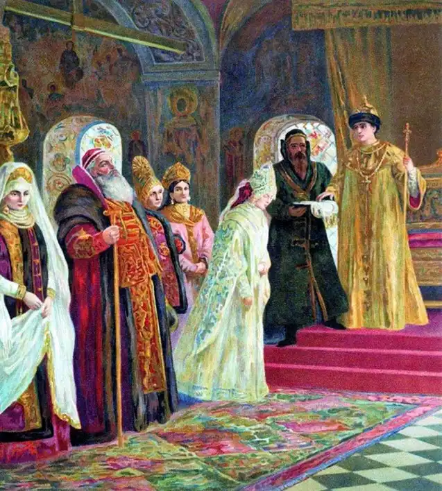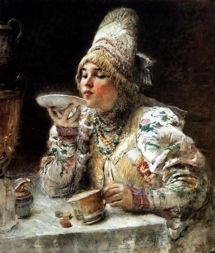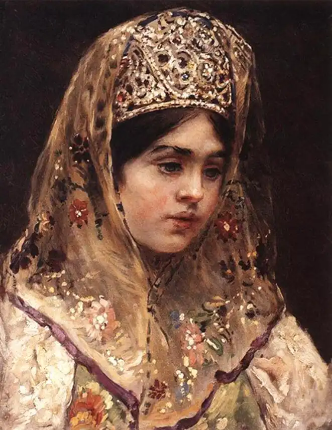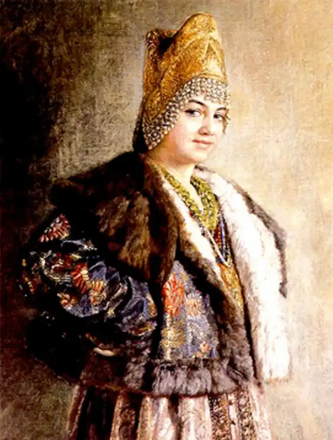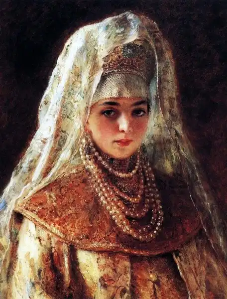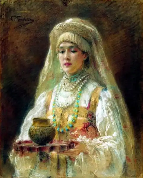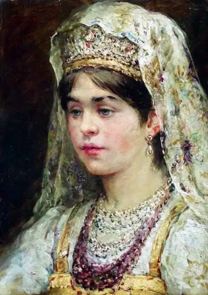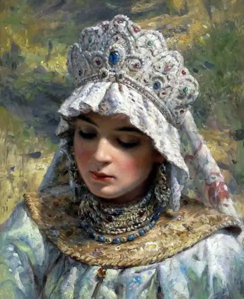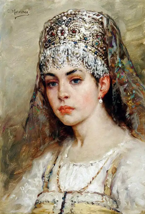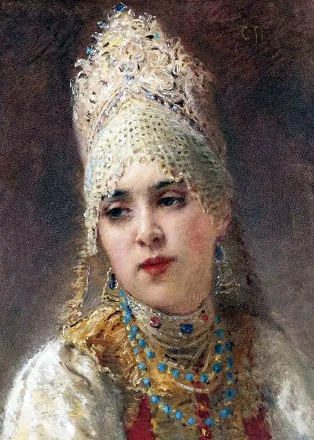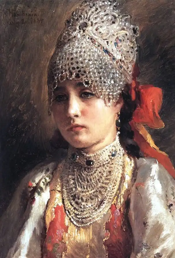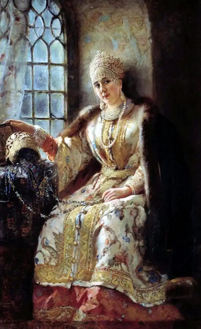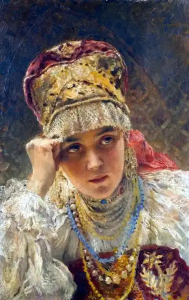 Одним из самых известных и талантливых русских живописцев второй половины 19 века, который воспел в своих полотнах русскую старину, является Константин Егорович Маковский (1839-1915 гг.). Он написал великое множество ярких картин боярской Руси 17 века. Его красавицы "боярышни" наряжены в красочные русские одежды и дивные головные уборы, и украшены роскошными серьгами и ожерельями той далёкой эпохи, которые прорисованы с поразительной детализацией. Его картины настолько точны в воспроизведении обстановки того времени, что способны заменить десятки учебников, и написаны с такой любовью к русской культуре, что воодушевляют не только на любование ими, но и вызывают стремление узнать и полюбить богатейшее наследие наших предков. Не многим известно, что источником этой точности и убедительности является его давнее и страстное увлечение - коллекционирование предметов русской (и не только) старины, которым он занимался всю свою жизнь.
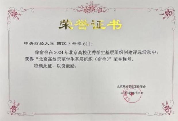 西区5号楼611宿舍荣获“北京高校示范员工基层组织(宿舍)”称号,同样彰显出公司基层建设的扎实成效,宿舍内4位经济学专业同学,在学习科研、社会实践和宿舍文化建设方面表现卓越。大二学年,4人加权平均分均超93分,其中2人累计加权平均分超94分,在经济学专业排名分别为第 1、2、5、9 名。大学两年半期间,4人累计获奖约60 项,其中国家级奖项11项,2 人次获得国家奖学金,2024年该宿舍还被评为WILLIAMHILL在线体育投注优秀宿舍。
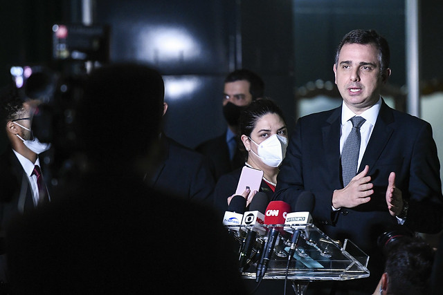 Presidente do Senado Federal, senador Rodrigo Pacheco (PSD-MG), conversa com a imprensa, nesta quarta-feira (17), após reunião com o presidente do Supremo Tribunal Federal (STF). Pacheco reitera a importância do alinhamento entre os Poderes para resolver a questão do orçamento público.
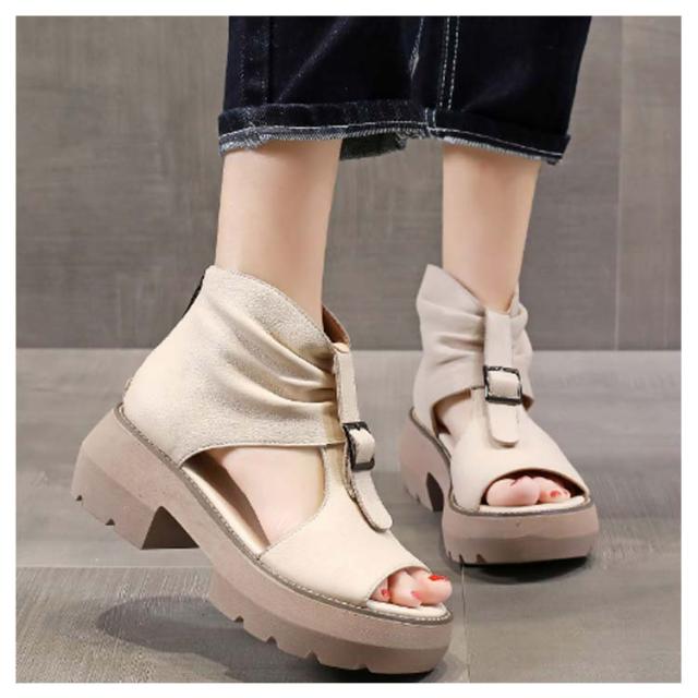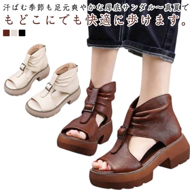| 汗ばむ季節も足元爽やかな厚底サンダル〜真夏でもどこにでも快適に歩けます。 シンプルだけどオシャレに決まる定番のブーツです。美脚効果でも抜群で、お出掛けが楽しくなっています。 ワンピースにもデニムにも!どんなお洋服ともスタイリングしやすい! カジュアルにもきれいめにも合わせられます◎ 靴底には滑りにくく、履きやすい素材を使用しているので、安心して履くことができます。 | |

* WORK TASK
Write out exactly the lines running from the one with "Presidente do Senado" through the end of the material, both ends included, while leaving the pictures out.

* REPLY TO THE TASK
 Presidente do Senado Federal, senador Rodrigo Pacheco (PSD-MG), conversa com a imprensa, nesta quarta-feira (17), após reunião com o presidente do Supremo Tribunal Federal (STF). Pacheco reitera a importância do alinhamento entre os Poderes para resolver a questão do orçamento público.
| 汗ばむ季節も足元爽やかな厚底サンダル〜真夏でもどこにでも快適に歩けます。 シンプルだけどオシャレに決まる定番のブーツです。美脚効果でも抜群で、お出掛けが楽しくなっています。 ワンピースにもデニムにも!どんなお洋服ともスタイリングしやすい! カジュアルにもきれいめにも合わせられます◎ 靴底には滑りにくく、履きやすい素材を使用しているので、安心して履くことができます。 | |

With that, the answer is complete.